== ABOUT THIS EXERCISE ==
Using the listing below, keep only the lines with the word "Figure" and copy them.

── DATA

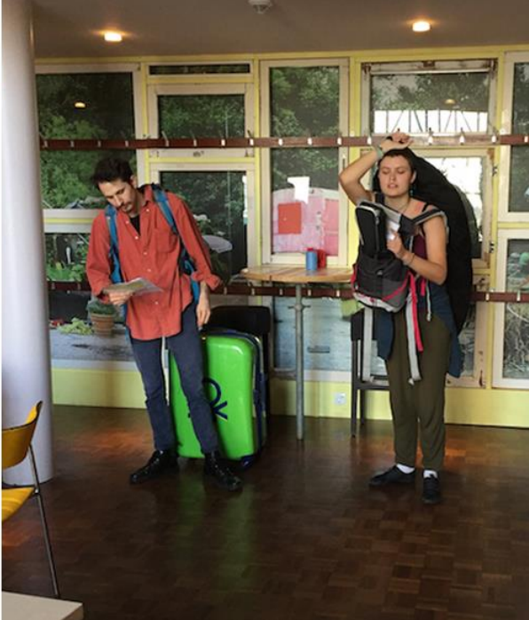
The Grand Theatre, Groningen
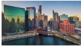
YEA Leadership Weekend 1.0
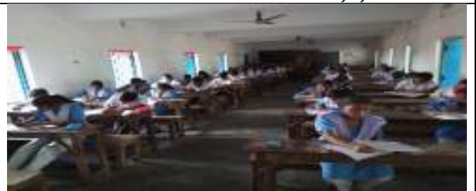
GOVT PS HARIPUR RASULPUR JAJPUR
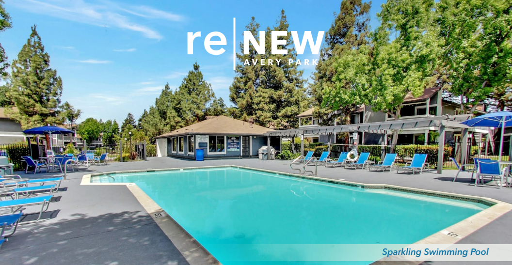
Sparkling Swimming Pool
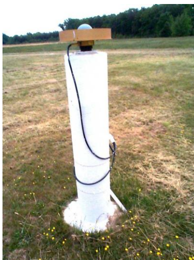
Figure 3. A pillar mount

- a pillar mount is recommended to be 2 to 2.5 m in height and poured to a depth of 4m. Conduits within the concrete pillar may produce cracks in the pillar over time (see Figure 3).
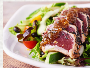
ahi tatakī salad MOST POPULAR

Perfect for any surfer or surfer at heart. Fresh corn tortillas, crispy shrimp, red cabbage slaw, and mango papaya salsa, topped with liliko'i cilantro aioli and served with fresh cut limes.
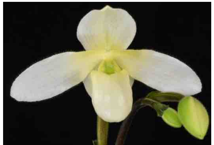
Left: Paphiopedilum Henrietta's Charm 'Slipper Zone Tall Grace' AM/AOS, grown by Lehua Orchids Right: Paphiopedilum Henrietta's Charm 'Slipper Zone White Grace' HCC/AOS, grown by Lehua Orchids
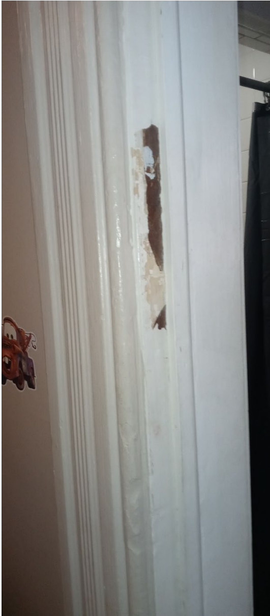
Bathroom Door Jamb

────

== SOLVED PROBLEM ==
Figure 3. A pillar mount
- a pillar mount is recommended to be 2 to 2.5 m in height and poured to a depth of 4m. Conduits within the concrete pillar may produce cracks in the pillar over time (see Figure 3).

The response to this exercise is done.